With its roots in a joint project set up by NASA and Rackspace back in 2010, the open-source OpenStack platform comprises a suite of components aimed at managing pools of compute, storage and networking resources for those wary of throwing their lot in with the likes of Amazon and Microsoft.
Over two days of keynote speeches in which the OpenStack Foundation (OSF) wheeled out a succession of customers to insist the framework was a breeze to set up and not just for telcos, there was a tacit admission that perhaps it was time for the group to focus a bit more on the whole infrastructure thing. And China.
It's (mostly) about Infrastructure, OK?
Speaking to a cavernous auditorium filled with attendees over two days, the OSF's executive director, Jonathan Bryce, extolled the benefits of open source, as one might expect, before admitting that the VM world for which OpenStack was known was converging with that of containers, as Kubernetes continued its march.

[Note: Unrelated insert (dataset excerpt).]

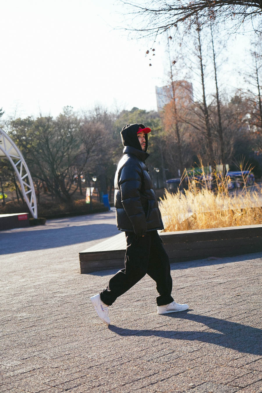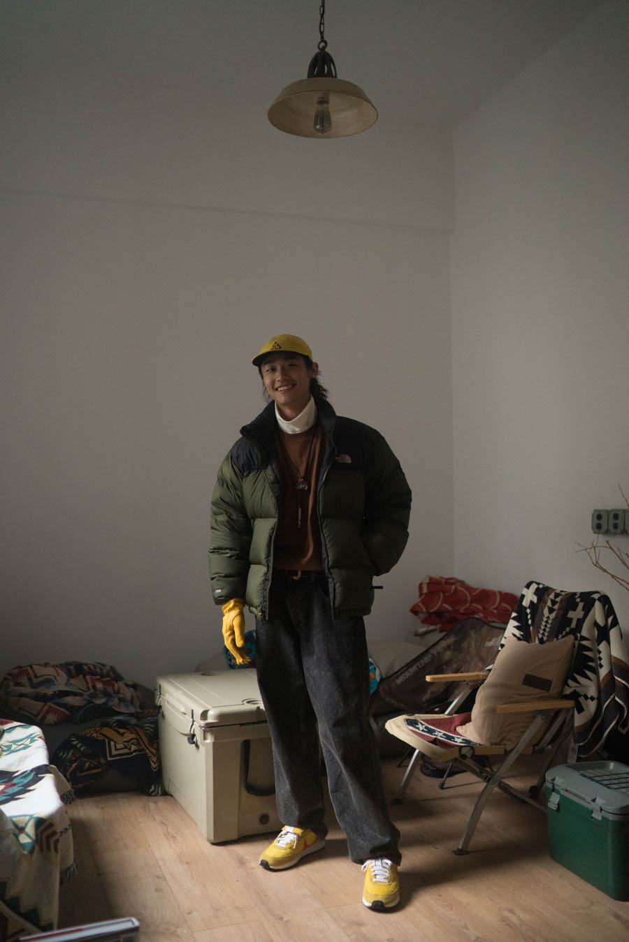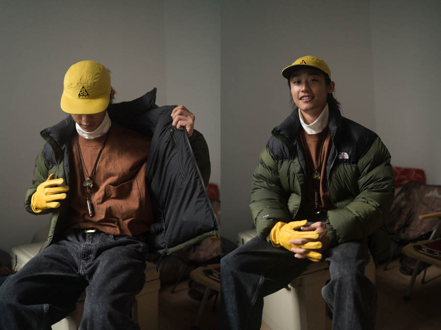 稻本:本身自己应该是一个实用主义的拥护者,选择羽绒服的话会考虑衣服的功能性,面料防水性、蓬松度等。因为南方的湿冷天气缘故,冬天降温一般都伴随着雨水,所以面料的防水性对于我来说很重要。
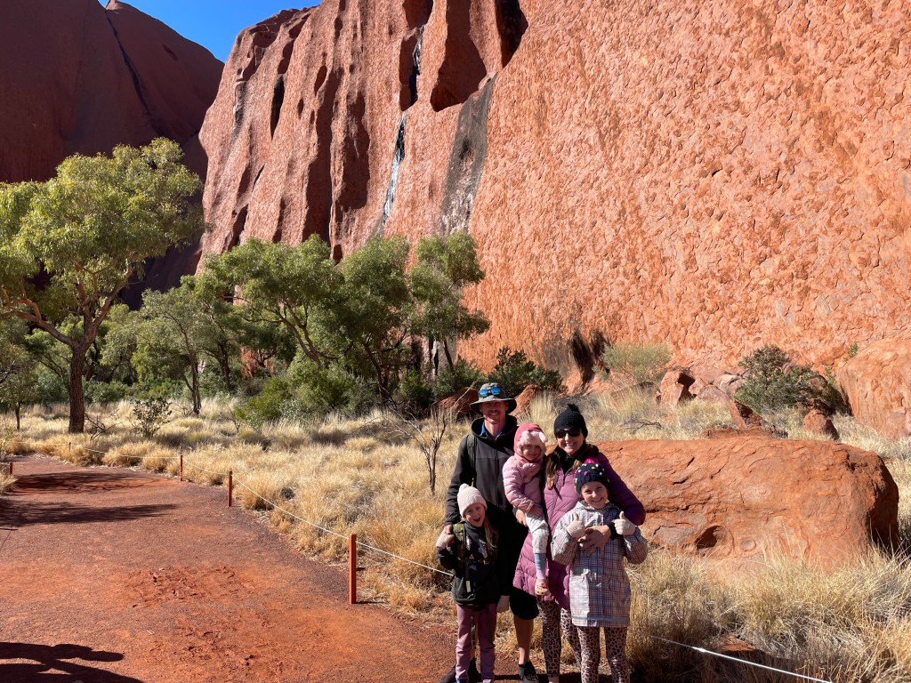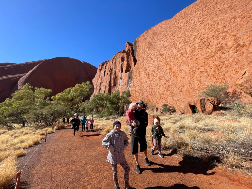 To soften the blow we stopped off for a coffee fuel up and babycinos for the girls to get them through the day. By the time we arrived, a free guided walk was starting and we tagged along to listen to James, a local Aboriginal guide and young Emerson who is training to be a guide and ranger, tell stories of his experiences and knowledge around Uluru.

While Bryce was at pains to make it clear that the group was not running away from the collection of tools that form its cloud platform, he reckoned an IT infrastructure stack built of open-source components would ensure users avoided vendor lock-in and could innovate rapidly.
Founder of Canonical and self-confessed "thorn in the side" of the OSF Mark Shuttleworth agreed, telling The Register that the concept of Open Infrastructure was right but cautioned that the OSF needed to be focused on what actually needs to work.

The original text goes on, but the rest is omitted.